Could you copy every line of the data that contains the word "yellow"?

*** Opening DATA SUPPLIED ***

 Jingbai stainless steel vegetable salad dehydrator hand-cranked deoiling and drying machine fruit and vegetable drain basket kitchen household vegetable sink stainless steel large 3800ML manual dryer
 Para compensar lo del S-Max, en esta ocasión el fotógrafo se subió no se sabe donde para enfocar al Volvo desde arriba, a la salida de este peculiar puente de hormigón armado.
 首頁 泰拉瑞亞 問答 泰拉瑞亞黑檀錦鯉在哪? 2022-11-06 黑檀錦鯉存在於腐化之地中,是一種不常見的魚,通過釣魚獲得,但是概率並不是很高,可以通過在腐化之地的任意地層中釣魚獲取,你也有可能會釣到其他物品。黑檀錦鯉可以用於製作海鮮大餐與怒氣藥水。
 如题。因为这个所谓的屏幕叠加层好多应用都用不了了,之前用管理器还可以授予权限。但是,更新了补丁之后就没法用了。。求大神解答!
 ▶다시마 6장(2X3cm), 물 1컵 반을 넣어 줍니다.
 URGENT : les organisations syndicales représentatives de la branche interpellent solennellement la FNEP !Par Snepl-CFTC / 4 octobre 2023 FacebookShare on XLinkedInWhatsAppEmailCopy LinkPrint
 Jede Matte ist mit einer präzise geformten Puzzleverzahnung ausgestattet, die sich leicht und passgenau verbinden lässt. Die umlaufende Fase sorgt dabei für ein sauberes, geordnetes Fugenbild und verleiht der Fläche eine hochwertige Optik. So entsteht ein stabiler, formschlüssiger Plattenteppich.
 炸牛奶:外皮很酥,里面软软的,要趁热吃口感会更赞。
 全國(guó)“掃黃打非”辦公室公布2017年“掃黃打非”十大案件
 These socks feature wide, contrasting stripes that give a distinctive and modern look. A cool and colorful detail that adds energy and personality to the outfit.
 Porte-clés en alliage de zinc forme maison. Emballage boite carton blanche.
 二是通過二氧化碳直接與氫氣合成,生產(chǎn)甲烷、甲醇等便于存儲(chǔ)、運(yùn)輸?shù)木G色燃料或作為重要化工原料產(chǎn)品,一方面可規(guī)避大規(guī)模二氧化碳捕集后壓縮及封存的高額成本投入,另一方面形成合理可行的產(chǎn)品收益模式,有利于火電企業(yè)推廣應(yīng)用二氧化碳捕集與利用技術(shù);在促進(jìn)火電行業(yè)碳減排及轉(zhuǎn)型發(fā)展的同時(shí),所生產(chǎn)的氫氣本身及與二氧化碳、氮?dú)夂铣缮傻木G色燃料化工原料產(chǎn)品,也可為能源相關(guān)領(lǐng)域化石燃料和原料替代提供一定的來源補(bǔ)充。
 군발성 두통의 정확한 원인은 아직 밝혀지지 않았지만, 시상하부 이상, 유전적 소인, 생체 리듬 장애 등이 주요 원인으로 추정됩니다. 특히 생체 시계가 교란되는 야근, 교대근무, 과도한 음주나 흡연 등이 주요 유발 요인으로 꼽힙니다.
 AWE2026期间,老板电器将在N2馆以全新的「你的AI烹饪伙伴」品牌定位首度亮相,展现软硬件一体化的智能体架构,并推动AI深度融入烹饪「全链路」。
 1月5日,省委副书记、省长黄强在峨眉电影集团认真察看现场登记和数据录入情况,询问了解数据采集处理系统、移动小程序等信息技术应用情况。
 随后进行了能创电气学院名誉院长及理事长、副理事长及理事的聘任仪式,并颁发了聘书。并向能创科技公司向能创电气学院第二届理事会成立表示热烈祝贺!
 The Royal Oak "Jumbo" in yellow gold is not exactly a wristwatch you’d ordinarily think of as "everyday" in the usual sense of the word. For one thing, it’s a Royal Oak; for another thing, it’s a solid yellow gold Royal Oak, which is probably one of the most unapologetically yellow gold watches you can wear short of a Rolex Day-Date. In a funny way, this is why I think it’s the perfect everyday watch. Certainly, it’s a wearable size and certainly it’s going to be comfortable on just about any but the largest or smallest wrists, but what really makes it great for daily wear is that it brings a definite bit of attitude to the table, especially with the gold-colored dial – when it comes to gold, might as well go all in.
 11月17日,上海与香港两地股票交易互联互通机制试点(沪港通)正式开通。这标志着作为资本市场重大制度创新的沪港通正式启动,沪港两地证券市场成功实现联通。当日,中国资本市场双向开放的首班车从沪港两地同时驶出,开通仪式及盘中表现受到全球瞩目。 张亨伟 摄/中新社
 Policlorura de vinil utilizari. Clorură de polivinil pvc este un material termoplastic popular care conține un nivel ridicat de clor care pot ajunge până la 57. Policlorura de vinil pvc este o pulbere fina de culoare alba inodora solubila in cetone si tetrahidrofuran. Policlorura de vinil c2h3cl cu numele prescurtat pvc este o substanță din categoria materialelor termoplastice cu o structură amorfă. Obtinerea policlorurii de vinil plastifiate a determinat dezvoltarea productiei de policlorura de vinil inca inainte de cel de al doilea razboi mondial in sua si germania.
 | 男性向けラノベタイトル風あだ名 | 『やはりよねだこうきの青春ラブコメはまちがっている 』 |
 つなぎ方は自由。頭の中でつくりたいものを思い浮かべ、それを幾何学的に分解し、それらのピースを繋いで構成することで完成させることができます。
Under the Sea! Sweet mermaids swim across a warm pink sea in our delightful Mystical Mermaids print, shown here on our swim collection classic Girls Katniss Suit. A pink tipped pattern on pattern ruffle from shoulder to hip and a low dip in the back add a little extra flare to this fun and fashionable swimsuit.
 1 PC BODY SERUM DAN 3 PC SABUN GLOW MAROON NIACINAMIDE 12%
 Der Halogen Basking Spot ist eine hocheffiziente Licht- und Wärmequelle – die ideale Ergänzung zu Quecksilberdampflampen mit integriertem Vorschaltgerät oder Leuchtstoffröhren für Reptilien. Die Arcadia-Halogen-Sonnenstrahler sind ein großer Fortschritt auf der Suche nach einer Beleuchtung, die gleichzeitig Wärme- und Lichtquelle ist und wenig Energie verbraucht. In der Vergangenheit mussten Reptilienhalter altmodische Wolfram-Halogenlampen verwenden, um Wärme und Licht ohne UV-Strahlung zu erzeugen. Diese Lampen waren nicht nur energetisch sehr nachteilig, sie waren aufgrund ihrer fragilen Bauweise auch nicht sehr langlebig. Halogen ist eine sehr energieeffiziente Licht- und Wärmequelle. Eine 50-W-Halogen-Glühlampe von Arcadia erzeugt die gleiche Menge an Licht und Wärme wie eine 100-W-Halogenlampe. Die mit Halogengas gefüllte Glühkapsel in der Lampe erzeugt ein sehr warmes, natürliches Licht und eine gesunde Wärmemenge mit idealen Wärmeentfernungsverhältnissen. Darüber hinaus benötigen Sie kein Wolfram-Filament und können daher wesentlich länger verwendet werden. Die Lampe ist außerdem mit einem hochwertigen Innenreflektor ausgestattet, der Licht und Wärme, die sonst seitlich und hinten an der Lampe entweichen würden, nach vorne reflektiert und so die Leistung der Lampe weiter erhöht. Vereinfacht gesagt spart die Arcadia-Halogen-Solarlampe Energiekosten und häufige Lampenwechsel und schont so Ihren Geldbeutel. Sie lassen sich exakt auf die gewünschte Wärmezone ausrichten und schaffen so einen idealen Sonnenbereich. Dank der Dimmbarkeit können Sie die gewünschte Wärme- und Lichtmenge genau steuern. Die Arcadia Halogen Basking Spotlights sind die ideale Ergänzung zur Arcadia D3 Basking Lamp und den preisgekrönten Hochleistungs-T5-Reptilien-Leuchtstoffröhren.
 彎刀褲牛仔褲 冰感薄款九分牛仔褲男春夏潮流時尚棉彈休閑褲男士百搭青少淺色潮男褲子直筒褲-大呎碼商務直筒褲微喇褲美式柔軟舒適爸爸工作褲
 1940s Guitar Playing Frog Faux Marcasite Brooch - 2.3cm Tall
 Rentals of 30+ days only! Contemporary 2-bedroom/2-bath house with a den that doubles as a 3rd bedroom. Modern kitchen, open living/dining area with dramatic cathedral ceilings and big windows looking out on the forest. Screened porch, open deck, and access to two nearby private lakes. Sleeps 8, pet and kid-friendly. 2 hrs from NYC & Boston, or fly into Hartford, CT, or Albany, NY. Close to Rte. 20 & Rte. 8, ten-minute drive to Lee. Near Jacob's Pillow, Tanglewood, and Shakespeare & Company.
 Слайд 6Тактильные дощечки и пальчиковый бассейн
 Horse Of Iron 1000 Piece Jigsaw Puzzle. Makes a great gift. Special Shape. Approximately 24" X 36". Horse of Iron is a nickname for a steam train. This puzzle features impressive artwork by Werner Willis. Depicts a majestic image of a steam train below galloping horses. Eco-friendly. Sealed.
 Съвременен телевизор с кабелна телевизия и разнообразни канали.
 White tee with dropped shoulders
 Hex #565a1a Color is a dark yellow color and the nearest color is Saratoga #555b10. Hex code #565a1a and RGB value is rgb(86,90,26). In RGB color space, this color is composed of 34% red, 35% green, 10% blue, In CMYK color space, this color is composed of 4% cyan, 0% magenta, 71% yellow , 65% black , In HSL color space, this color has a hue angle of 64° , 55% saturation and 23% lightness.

*** Closing DATA SUPPLIED ***

*RESULT BELOW*:
 The Royal Oak "Jumbo" in yellow gold is not exactly a wristwatch you’d ordinarily think of as "everyday" in the usual sense of the word. For one thing, it’s a Royal Oak; for another thing, it’s a solid yellow gold Royal Oak, which is probably one of the most unapologetically yellow gold watches you can wear short of a Rolex Day-Date. In a funny way, this is why I think it’s the perfect everyday watch. Certainly, it’s a wearable size and certainly it’s going to be comfortable on just about any but the largest or smallest wrists, but what really makes it great for daily wear is that it brings a definite bit of attitude to the table, especially with the gold-colored dial – when it comes to gold, might as well go all in.
 Hex #565a1a Color is a dark yellow color and the nearest color is Saratoga #555b10. Hex code #565a1a and RGB value is rgb(86,90,26). In RGB color space, this color is composed of 34% red, 35% green, 10% blue, In CMYK color space, this color is composed of 4% cyan, 0% magenta, 71% yellow , 65% black , In HSL color space, this color has a hue angle of 64° , 55% saturation and 23% lightness.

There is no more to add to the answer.